◆ What is expected
The lines from the one containing "Еженедельный отчет стоит" through the final line of the listing below are what the answer must repeat, exactly and only, leaving pictures out.

◆ Collected data
+++++
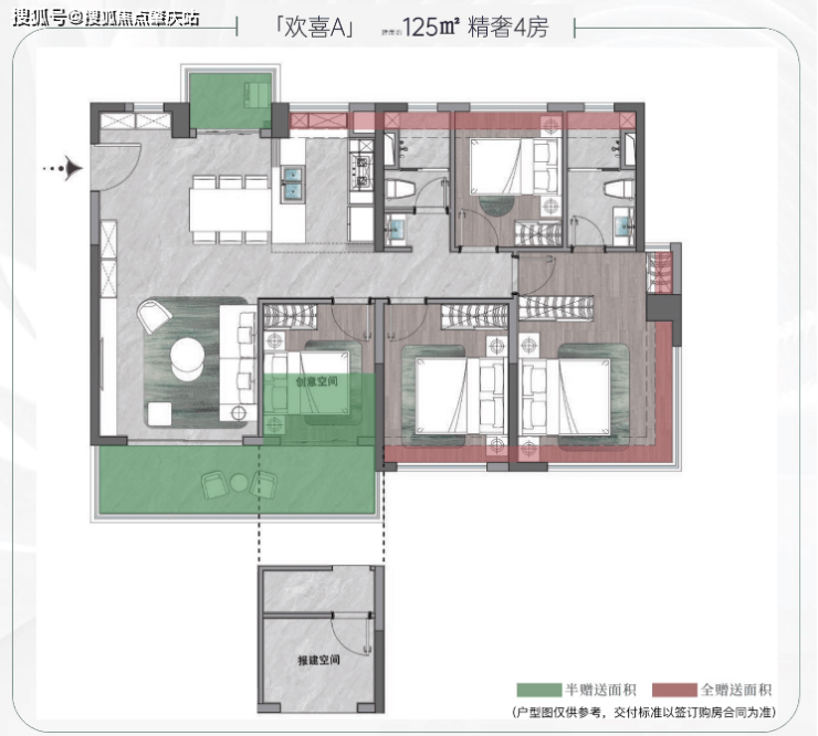 2.【同等面积至高得房率,125方比肩160方】
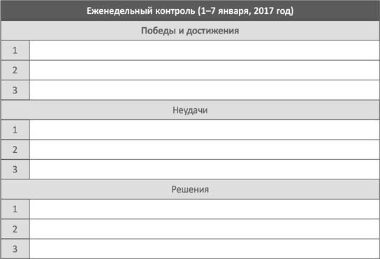 Еженедельный отчет стоит на третьем месте в списке главных методов, которые нельзя упустить, – после продуманного плана на день и целевых блоков времени, выделенных на приоритеты. Успешно проведя еженедельный контроль (хотя бы раз), вы получите предельно четкое представление о своем графике и как на ладони увидите все свои задачи, важные привычки и обязательства.
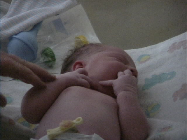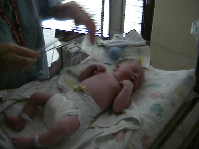 Beth fixing Emma's cap The nurse does her tests "Grandpa - you have a new great granddaughter"
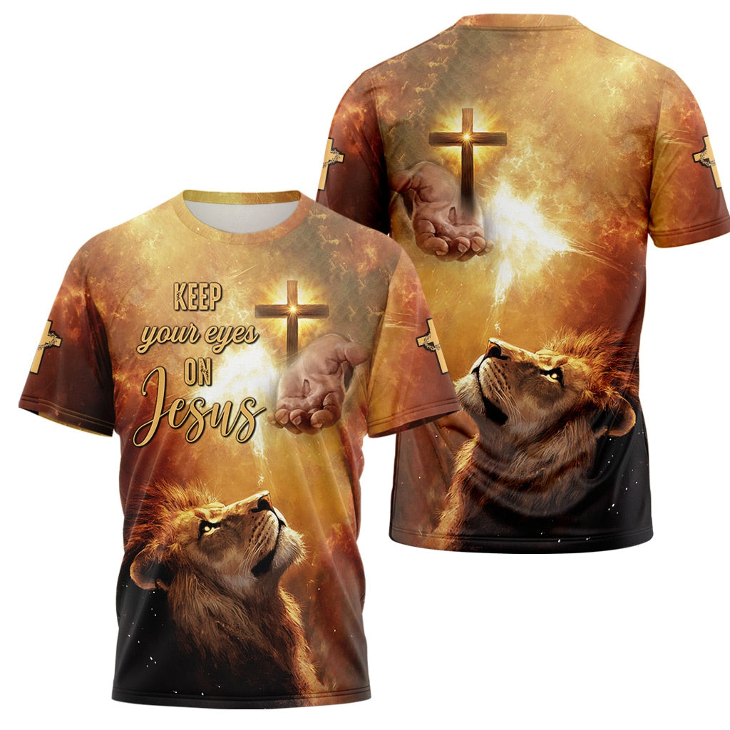 Wear your faith with confidence and remind yourself daily to stay focused on Jesus. This Christian-themed t-shirt also makes a perfect gift for believers who cherish their spiritual journey. ✝️🦁
+++++
◆ Exercise output
 Еженедельный отчет стоит на третьем месте в списке главных методов, которые нельзя упустить, – после продуманного плана на день и целевых блоков времени, выделенных на приоритеты. Успешно проведя еженедельный контроль (хотя бы раз), вы получите предельно четкое представление о своем графике и как на ладони увидите все свои задачи, важные привычки и обязательства.
 Beth fixing Emma's cap The nurse does her tests "Grandpa - you have a new great granddaughter"
 Wear your faith with confidence and remind yourself daily to stay focused on Jesus. This Christian-themed t-shirt also makes a perfect gift for believers who cherish their spiritual journey. ✝️🦁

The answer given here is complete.